Tamasya Sejarah bersama Ernst Gombrich




TERIMA kasih buat mereka yang menyederhanakan sesuatu yang rumit. Dahulu, saya kesulitan memahami naskah filsafat. Hingga akhirnya, saya menemukan buku karya Jostein Gaarder berjudul Sophie's World (diterjemahkan menjadi Dunia Sophie), yang menyederhanakan filsafat yang rumit itu sesederhana membaca komik Kungfu Boy.

Kini, di saat saya kesulitan memahami sejarah, saya menemukan buku terjemahan dari bahasa Jerman berjudul Sejarah Dunia untuk Pembaca Muda (terbitan Marjin Kiri) karya Ernst H. Gombrich.

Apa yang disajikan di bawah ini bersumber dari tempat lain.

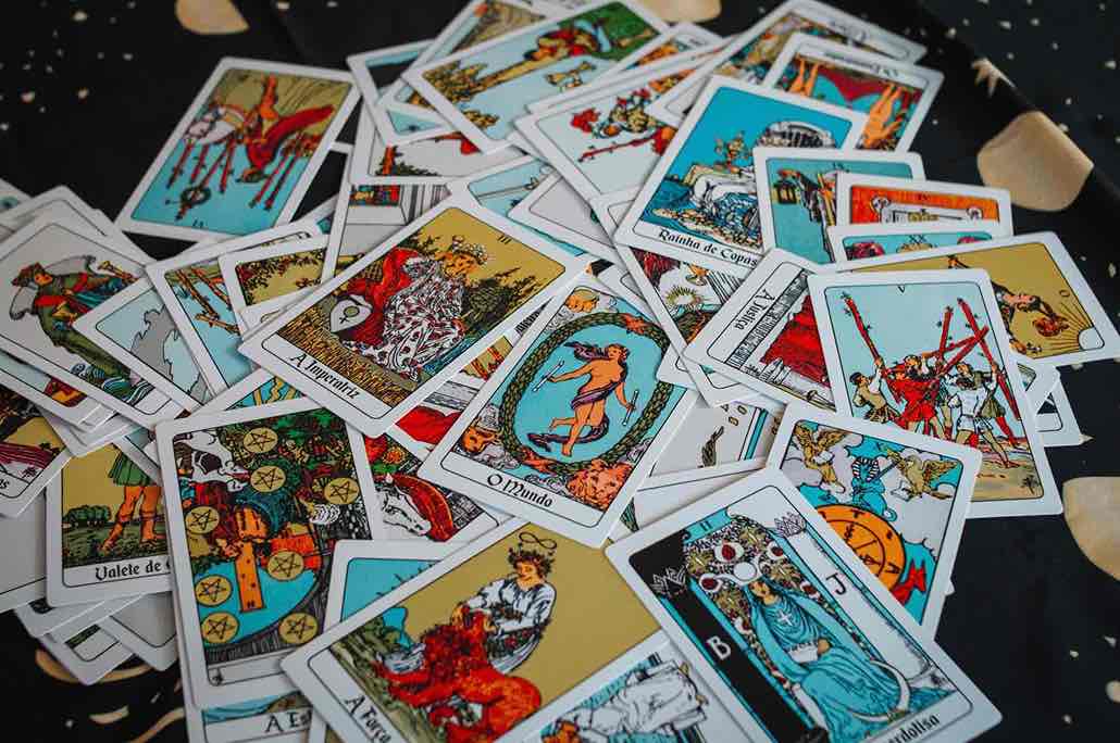 Jeu de cartes de tarot éparpillé

Isinya serenyah membaca petualangan Percy Jackson bersaa dewa-dewa, yang dibuat Rick Riordan atau seringan kisah-kisah dongeng. 

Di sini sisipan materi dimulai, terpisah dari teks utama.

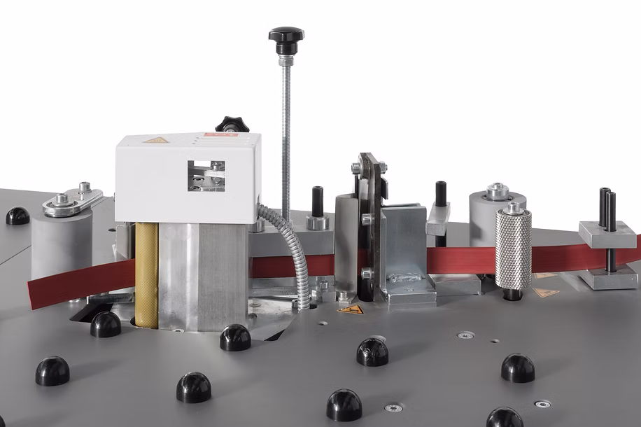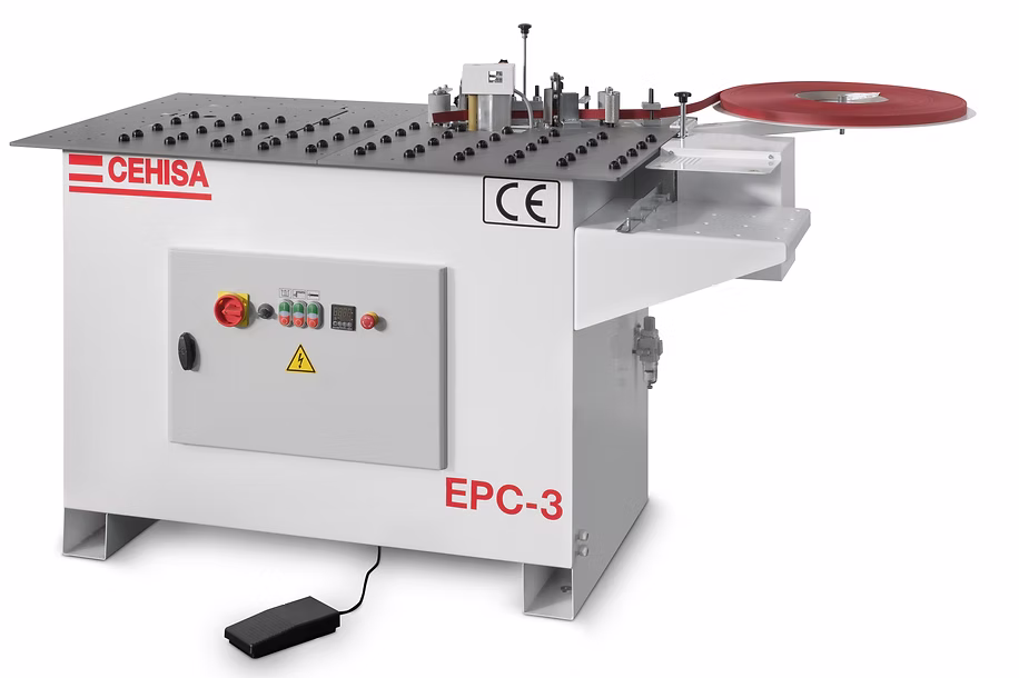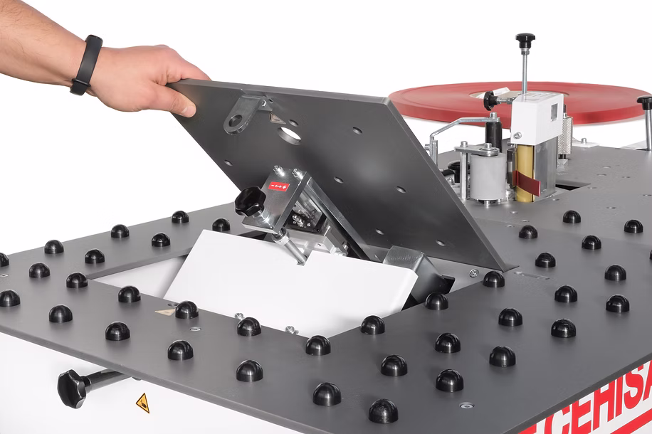 Bordatrice semiautomatica con applicazione di colla a caldo direttamente sul bordo.

Membacanya tak bikin kening berkerut, tapi bisa membuat kita tercerahkan. Saya serasa bertamasya, mengarungi lautan sejarah yang luas, bertemu banyak tokoh, lalu menyerap banyak makna.

Saya membaca banyak buku sejarah. Tapi buku karya Ernst Gombrich ini lain dari yang lain. Tak ada penuturan tentang tanggal dan tahun yang ketat. Tak ada debat metodologis tentang setiap peristiwa. Yang ada adalah kisah-kisah sejarah yang menarik, serta bisa dipahami siapa saja. Dengan cara bercerita, sejarah menjadi punya jiwa, ruh, dan tidak sekadar menjadi himpunan peristiwa.

Penulisnya serupa seorang kakek yang sedang bercerita kepada cucunya sendiri. Makanya, kalimat-kalimatnya sederhana dan mudah dipahami. Padahal, penulisnya adalah seorang doktor bidang sejarah seni rupa dari Universitas Wina. Sebelum menulis buku ini, ia saling berkirim surat dengan anak seorang temannya. Anak itu ingin tahu banyak hal tentang bidang yang ditekuninya. Ia lalu mendapat satu keping inspirasi. Bahwa pengetahuan sejarah bisa diajarkan ke seorang anak cerdas, tanpa harus menggunakan terminologi ilmiah yang rumit.

Apalagi, Gombrich tentang mengalami kejenuhan dengan bahasa ilmiah, seusai menuntaskan disertasinya. Ia lalu menyiapkan satu tulisan berjudul Time of The Knight (zaman ksatria). Ternyata, artikel ini disukai oleh satu penerbit. Ia lalu ditantang untuk menyelesaikan semua buku dalam enam minggu. Tantangan ini menjadi awal dari suara Gombrich yang bergema ke seluruh dunia.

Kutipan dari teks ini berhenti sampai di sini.